Tuesday, March 19, 2013

Phases of the Moon


Okay, so I finally bought myself a copy of Madness, Rack and Honey, the collected lectures of Mary Ruefle out from Wave Books. Full disclosure: I haven't finished it yet. I'm not adding my voice to the wide praise and acclaim it has received from all over, including the NYT Book Review, and the Kenyon Review. Ruefle is a gift. For now, I just want to talk about the second essay in the collection, a lecture she gave on poetry and the moon.

Let's start with my own story about poems and stones--- "The moon is a stone that floats," writes Mark Strand in a chapbook titled Chicken, shadow, moon & more. I want to say that I once stumbled upon the book, that it's readily available, but, in fact, it's a tough find. I requested it through interlibrary loan for my undergrad senior thesis. If you ever chance upon it, or have time to bug your favorite librarian, I strongly urge you to get it. (And gift it to me!) So this book, like a philosophical Dr. Seuss, says, "The moon is a stone that floats." 

I'm floored by this. In Charles Simic's notebooks---all the bizarre bits of childhood and dirty bits of politics that you'd imagine in the poet's head---he wrote nearly same thing, but he wrote, "The poem I want to write is impossible. A stone that floats." (Seriously, you should read his notebooks)(and his poems! this great collected works released this month!). It's not a secret that Simic and Strand are friends, and probably shared this image over a beer; or, the romantic in me hopes it was pen and ink letter, but I got hooked. I keep reading all these essays on poets and the moon and the surrealists and the moon, and Sappho and the moon and I'm just not satisfied. From Luna, lunatics: literally, touched by the moon. 
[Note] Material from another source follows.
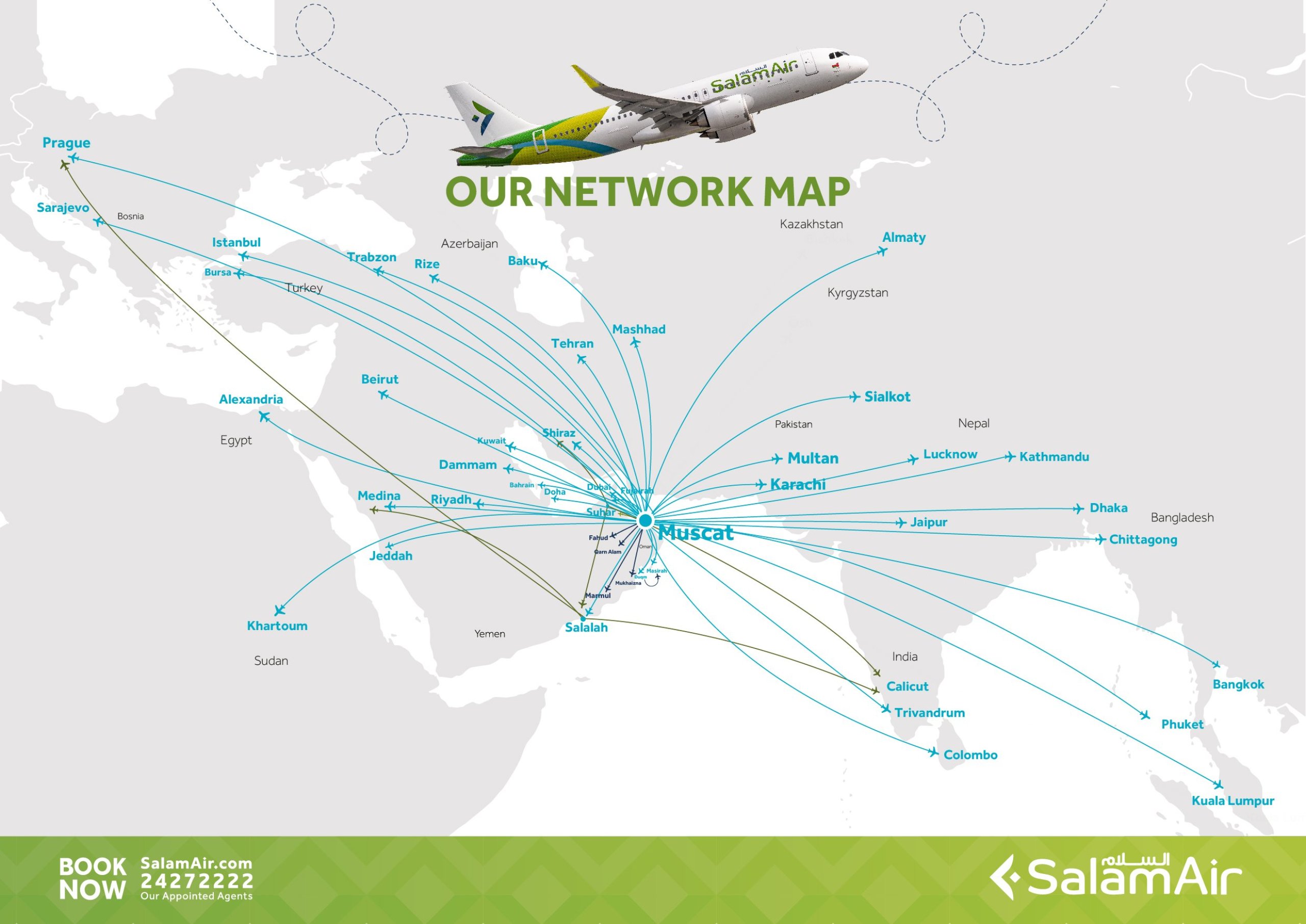 A SalamAir kevesebb mint egy tucatnyi, főként a délnyugat- és közép-ázsiai régióban található célállomásra üzemeltet menetrend szerinti járatokat. Az úti célok között azonban olyan európai városok is szerepelnek, mint Prága, Szarajevó és Isztambul. A SalamAir kínálatában a legfontosabb célállomások a következők:

To circle back: Madness, Rack and Honey is a brilliant champion of the relevance, necessity and place of poetry. Ruefle's chapter on poets and the moon just smacks me over the head (in the best way) with fresh insights about modernity and poetry. After so many reductive critics, claiming that the moon is a simple archetype, a preloaded image, evocative of everything and nothing, Ruefle gives a gracious handling of the subject, ranging from personal anecdote (the foreign cab she was in when astronauts walked on the moon, the unintelligible reports on the radio) to the obvious and necessary research (the front page features after the Lunar Landing, astronaut testimonies).

And now maybe I can shut the book on poetics of the moon.